▶ [What the exercise asks] Please show all lines of the records that include "glass".

(Data excerpts)
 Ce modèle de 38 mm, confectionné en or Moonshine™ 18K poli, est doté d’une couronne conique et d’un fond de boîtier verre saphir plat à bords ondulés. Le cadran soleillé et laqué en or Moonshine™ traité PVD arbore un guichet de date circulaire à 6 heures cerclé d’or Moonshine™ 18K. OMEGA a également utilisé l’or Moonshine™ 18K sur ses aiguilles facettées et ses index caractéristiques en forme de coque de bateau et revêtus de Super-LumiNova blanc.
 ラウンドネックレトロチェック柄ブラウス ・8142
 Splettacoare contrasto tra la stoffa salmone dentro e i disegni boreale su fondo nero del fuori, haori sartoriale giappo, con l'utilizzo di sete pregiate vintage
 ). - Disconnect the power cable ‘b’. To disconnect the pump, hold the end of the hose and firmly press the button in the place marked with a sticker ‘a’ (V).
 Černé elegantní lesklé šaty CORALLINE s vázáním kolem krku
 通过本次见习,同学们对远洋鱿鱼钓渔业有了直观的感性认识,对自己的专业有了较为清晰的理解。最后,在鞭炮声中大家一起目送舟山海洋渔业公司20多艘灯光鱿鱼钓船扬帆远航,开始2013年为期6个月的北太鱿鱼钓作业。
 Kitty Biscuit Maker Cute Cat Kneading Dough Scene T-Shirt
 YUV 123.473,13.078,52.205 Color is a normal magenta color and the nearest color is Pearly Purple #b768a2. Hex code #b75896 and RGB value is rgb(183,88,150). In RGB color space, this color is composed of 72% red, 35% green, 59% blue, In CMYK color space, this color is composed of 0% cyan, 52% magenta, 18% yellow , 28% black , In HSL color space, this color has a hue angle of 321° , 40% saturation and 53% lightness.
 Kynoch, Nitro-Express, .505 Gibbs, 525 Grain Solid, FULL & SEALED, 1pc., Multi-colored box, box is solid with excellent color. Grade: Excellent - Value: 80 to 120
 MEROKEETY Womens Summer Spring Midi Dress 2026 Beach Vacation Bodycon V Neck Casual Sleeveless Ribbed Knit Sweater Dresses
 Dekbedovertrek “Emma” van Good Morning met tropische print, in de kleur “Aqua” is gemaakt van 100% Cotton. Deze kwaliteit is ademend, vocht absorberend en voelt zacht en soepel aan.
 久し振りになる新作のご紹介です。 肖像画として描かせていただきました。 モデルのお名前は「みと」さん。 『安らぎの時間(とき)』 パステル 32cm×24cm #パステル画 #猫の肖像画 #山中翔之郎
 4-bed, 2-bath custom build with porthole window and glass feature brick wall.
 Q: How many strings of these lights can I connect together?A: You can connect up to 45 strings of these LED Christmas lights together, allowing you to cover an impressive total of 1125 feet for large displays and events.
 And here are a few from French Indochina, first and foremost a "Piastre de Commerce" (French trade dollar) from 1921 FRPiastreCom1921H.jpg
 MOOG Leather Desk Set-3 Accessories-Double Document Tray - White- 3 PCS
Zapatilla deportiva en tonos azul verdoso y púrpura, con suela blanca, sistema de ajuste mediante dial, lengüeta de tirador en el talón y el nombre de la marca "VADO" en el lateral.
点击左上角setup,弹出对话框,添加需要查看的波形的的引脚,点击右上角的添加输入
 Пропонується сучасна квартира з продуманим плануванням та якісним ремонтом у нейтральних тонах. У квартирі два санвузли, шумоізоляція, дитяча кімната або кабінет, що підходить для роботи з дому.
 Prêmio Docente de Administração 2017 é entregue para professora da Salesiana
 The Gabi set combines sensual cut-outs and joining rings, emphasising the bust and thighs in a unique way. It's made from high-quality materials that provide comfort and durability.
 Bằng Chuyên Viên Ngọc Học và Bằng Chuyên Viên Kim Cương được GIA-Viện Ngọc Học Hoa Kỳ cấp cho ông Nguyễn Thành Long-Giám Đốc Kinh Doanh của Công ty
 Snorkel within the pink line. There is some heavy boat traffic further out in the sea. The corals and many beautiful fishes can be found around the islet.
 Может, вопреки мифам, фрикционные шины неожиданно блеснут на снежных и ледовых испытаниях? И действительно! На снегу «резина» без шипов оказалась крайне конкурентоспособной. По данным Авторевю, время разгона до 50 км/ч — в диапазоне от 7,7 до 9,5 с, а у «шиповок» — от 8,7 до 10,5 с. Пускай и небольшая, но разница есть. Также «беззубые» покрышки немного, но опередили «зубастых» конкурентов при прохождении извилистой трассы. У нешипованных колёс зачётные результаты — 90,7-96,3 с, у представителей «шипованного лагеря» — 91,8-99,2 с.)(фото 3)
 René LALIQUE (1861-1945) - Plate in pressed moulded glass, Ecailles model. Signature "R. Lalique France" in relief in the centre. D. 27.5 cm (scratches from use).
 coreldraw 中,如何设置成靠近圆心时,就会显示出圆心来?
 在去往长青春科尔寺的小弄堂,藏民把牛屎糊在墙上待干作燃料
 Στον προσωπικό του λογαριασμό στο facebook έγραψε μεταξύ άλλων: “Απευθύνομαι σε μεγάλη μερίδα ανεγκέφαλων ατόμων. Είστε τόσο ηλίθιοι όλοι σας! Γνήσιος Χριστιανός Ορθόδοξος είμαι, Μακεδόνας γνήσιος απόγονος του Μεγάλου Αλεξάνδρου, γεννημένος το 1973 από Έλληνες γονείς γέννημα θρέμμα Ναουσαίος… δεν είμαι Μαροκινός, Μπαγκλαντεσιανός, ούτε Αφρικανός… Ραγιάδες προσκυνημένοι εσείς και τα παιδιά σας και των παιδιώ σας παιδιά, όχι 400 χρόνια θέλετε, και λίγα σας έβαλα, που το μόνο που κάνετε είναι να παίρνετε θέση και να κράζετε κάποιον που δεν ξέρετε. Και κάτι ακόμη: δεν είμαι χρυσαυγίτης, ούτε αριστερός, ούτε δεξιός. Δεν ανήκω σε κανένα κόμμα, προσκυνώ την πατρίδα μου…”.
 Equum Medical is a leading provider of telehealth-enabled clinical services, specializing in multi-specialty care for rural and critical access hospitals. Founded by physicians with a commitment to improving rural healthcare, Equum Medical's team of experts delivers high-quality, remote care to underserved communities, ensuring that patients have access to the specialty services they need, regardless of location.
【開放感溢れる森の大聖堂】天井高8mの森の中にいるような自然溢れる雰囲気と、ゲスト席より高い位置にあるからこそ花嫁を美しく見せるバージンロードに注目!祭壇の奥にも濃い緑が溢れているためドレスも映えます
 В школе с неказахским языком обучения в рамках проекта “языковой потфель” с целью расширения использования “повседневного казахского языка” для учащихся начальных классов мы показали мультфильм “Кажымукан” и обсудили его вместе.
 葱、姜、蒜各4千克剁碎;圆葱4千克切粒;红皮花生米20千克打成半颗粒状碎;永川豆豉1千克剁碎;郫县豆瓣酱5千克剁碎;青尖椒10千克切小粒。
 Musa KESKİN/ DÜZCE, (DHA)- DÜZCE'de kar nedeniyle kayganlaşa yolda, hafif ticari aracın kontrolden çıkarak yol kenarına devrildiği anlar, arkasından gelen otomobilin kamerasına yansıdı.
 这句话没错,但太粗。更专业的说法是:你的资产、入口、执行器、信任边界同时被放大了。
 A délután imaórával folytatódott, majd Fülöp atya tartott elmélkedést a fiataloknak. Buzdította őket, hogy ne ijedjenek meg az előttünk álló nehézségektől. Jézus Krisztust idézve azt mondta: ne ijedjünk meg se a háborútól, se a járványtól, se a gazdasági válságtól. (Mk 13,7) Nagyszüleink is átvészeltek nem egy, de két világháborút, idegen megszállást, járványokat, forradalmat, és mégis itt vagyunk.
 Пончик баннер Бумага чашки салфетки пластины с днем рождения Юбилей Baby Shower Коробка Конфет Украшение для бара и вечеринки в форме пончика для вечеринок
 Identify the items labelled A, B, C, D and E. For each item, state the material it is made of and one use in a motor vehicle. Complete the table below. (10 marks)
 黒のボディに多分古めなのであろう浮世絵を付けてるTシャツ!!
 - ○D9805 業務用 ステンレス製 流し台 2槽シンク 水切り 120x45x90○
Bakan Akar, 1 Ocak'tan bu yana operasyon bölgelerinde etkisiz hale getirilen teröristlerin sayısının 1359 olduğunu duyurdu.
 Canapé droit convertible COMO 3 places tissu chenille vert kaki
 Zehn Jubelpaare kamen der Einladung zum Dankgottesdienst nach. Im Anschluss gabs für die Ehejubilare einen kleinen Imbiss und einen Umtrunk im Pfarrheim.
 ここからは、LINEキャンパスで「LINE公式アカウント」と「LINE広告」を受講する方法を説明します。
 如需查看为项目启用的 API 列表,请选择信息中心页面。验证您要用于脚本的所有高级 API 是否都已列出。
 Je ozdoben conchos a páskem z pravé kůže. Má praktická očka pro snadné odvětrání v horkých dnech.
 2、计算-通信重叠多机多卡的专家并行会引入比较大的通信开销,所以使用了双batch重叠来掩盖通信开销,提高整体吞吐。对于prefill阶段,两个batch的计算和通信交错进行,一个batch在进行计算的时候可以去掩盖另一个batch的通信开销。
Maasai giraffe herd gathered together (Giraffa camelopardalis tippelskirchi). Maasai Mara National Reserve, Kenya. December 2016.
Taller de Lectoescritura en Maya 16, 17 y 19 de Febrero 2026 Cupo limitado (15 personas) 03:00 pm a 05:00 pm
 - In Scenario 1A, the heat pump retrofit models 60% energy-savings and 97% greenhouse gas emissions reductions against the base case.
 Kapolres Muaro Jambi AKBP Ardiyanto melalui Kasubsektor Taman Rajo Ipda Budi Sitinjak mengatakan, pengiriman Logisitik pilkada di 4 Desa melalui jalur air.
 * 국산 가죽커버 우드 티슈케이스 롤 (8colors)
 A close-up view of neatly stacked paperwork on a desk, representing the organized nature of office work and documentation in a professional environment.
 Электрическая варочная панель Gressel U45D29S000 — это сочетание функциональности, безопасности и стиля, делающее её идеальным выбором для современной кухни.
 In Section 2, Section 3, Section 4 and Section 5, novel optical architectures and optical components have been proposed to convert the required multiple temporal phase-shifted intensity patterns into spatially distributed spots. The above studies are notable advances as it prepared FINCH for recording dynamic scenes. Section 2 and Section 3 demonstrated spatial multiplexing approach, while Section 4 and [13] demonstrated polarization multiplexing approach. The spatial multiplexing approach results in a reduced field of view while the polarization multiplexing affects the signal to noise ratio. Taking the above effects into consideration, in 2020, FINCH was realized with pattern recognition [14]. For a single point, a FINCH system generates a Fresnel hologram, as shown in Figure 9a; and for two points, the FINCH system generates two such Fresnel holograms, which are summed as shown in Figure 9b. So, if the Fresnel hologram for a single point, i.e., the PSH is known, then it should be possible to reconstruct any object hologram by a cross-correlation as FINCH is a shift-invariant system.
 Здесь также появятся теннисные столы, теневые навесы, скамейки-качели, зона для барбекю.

▶ [Exercise response]
 4-bed, 2-bath custom build with porthole window and glass feature brick wall.
 René LALIQUE (1861-1945) - Plate in pressed moulded glass, Ecailles model. Signature "R. Lalique France" in relief in the centre. D. 27.5 cm (scratches from use).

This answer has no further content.